The risk of extrapyramidal side effects from SSRIs is still barely taken into consideration, black box warnings about agitation and suicide or no. One professional article from 2001 admits that movement disorders, including akathisia, are a known risk, but goes on to say that “Mistaking comorbid anxiety for SSRI-associated akathisia may delay or interfere with the appropriate treatment of the patient’s anxiety disorder.” True, but it’s still working the other way around one hell of a lot more frequently, with not just misery but risk of death resulting. A lot of people are getting hurt. Even scarier, concerns about SSRIs’ risks and placebo-level effectiveness have led to atypical neuroleptics being prescribed instead for depression in the U.S. Even more people are liable to get hurt.
Possibly the most evil sentence I have read lately: “Thus, higher-functioning children and adults with autism might think about suicide when they become aware of their deficits.”

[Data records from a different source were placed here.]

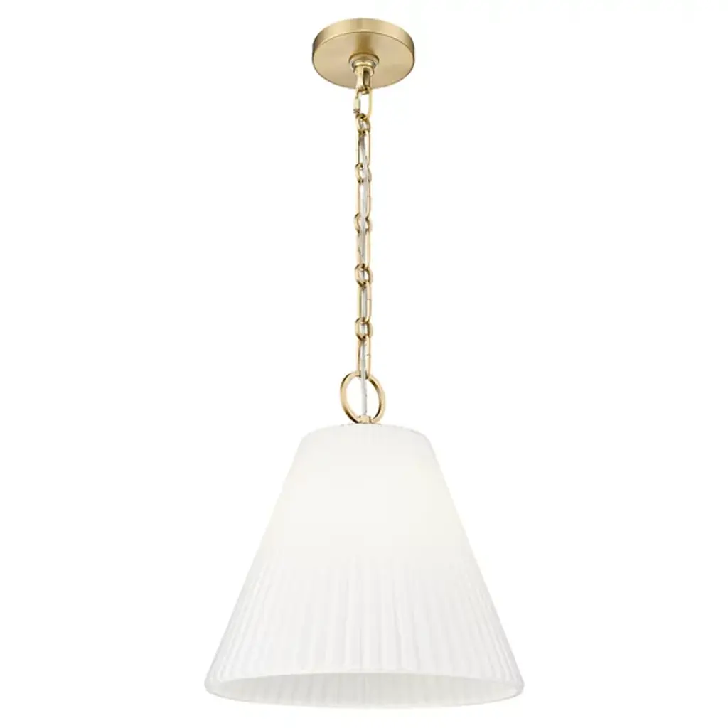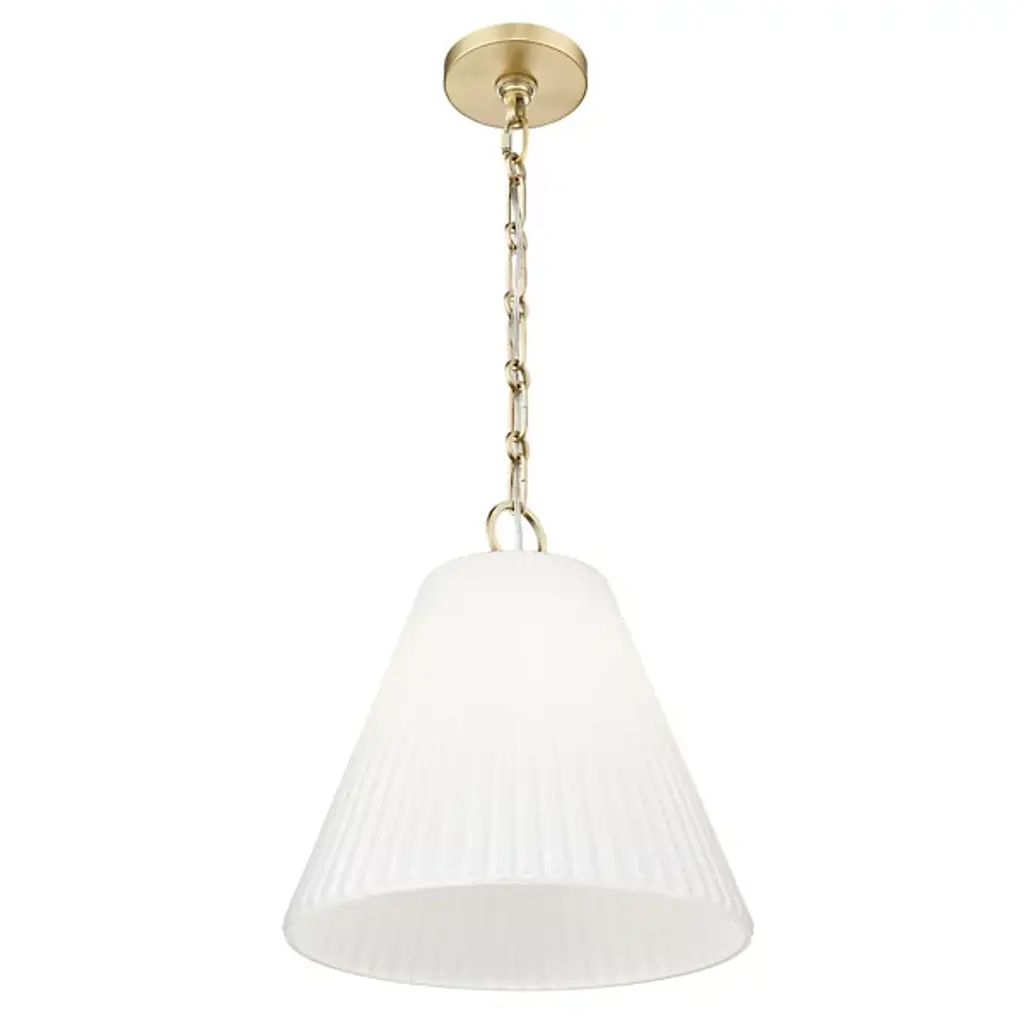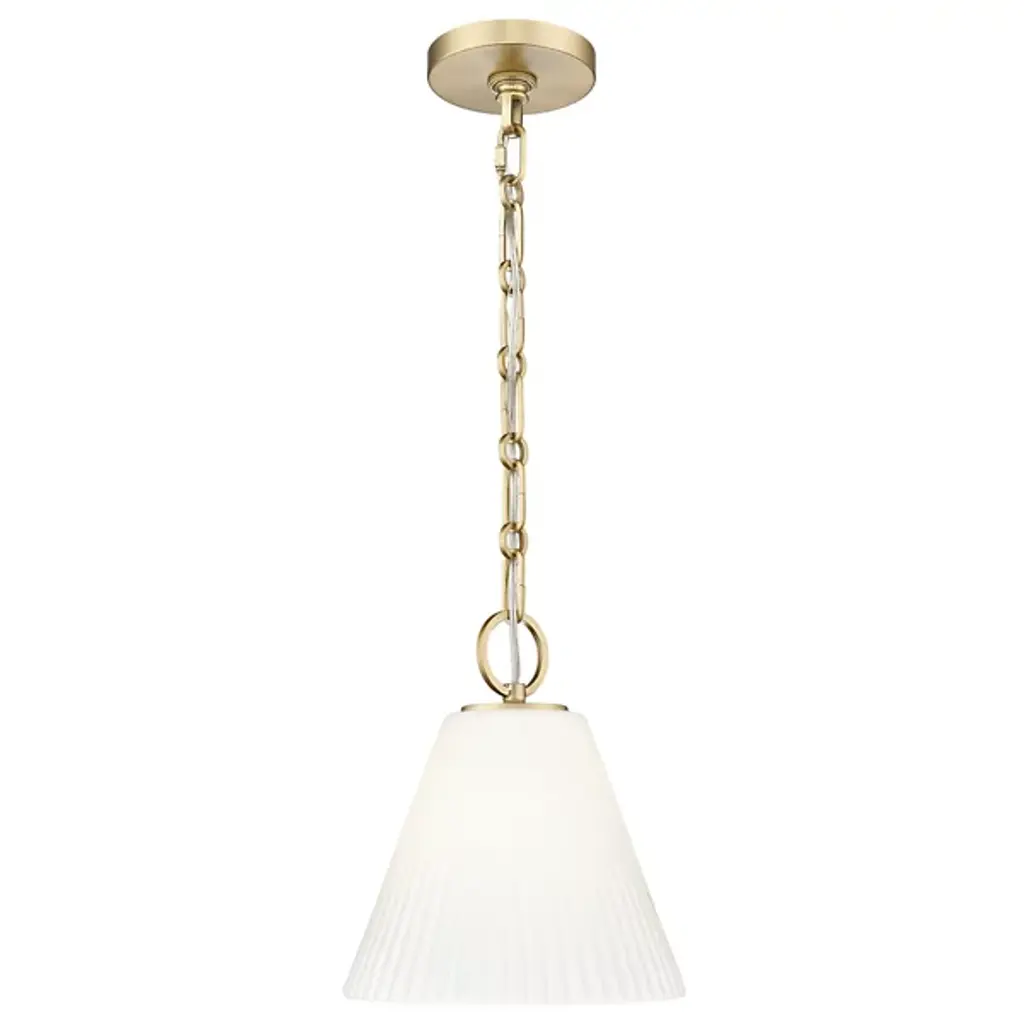 The Maxine Pendant by Alder & Ore (Z-lite) is a study in elegant simplicity, a single drop of illumination suspended in space. Its conical shade, delicately fluted like the petals of an inverted flower, diffuses light with a soft, ethereal glow. This versatile piece shines solo, creating an intimate spotlight over a side table or reading nook, or can be grouped in a rhythmic series to form a customized chandelier effect.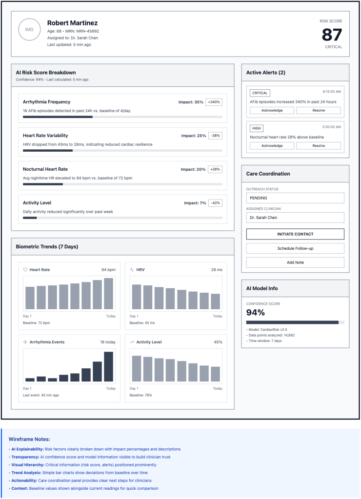 The platform leverages AI-assisted risk modeling to help healthcare providers quickly identify high-risk patients, reduce cognitive overload, and make informed care decisions in remote monitoring environments.
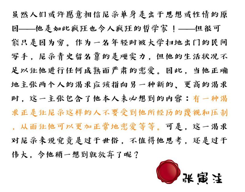 尼采给爱情下了定义,他认为这是唯一值得哲学家来下的定义。“爱情之法就是战争,基础就是两性之间不共戴天的仇恨。”他感叹,“唉,那只是一对灵魂的贫乏罢了!……你们的结婚终结了许多短促的疯狂,而代以一个长期的愚蠢。”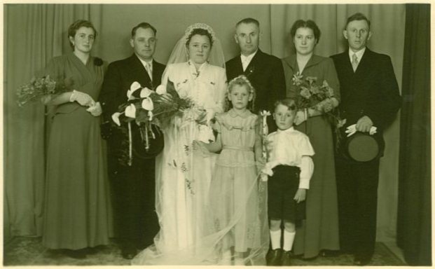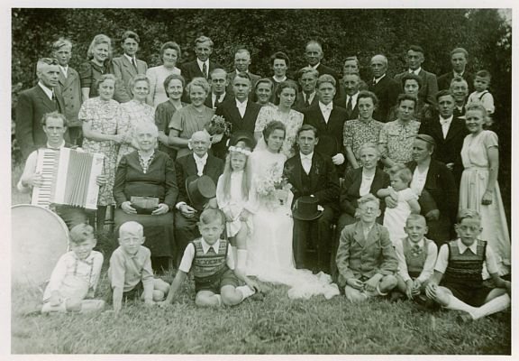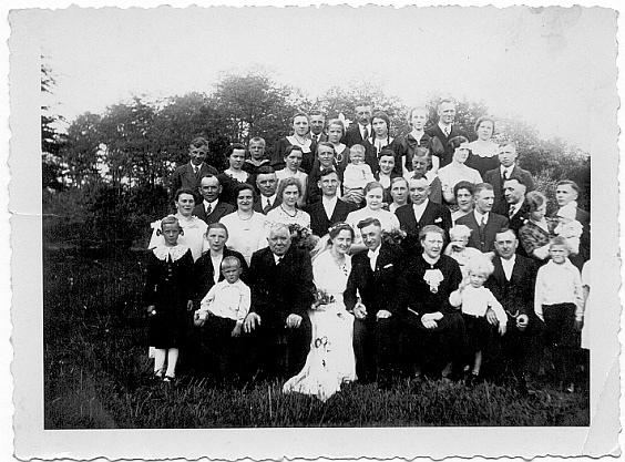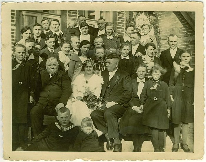 Oben finden Sie einige wenige Familienbilder der Familie Schulte gen. Steggert aus den frühen Jahren. Diese Bilder vermitteln die Stimmung des bäuerlichen Umfeldes und der Großfamilie, in der Elisabeth Marx geboren Schulte gen. Steggert aufgewachsen ist. Besonders zu den Hochzeiten versammelte sich die Familie zu einem Familienfoto.

This comes from an article in The Journal of Family Practice. Funny, I was on the meds because of my perceived deficits, and got akathisia. This statement is an excellent illustration of just how seriously too many medical professionals treat any problems experienced by autistic people, even more so if we’re deemed to have extra “mental illness” on top. It’s all our deficits, and these attitudes can kill us.
I am all too aware that a lot of people, including medical professionals, would be eager to dismiss what I’ve been saying (references and all), because of my autism and my history in the psychiatric system. I have hesitated to seek specific treatment for the dystonia now that a psychiatrist isn’t giving me muscle relaxants to go with the other meds. I know that a lot of people–again, including doctors–either refuse to take this kind of lasting effect seriously, or will openly say that it’s just the wages of being crazy/autistic/whatever. This also hurts one hell of a lot of people.
Most of the results from any of the cluster of searches on “autism SSRIs/neuroleptics akathisia/movement disorders/EPS” advocate the use of these medications for our betterment.
I did not think there were any still, but Risperdal is the only FDA approved drug for autistic “irritability”, since 2006. “Although there is no cure for autistic disorder or treatments for the core symptoms of autistic disorder, scientists are researching ways to help.” (“Helping build small victories”) Knowing that makes me feel a lot better. I know risperidone helped me.
I feel like a need a bath. With a stiff brush and possibly Clorox.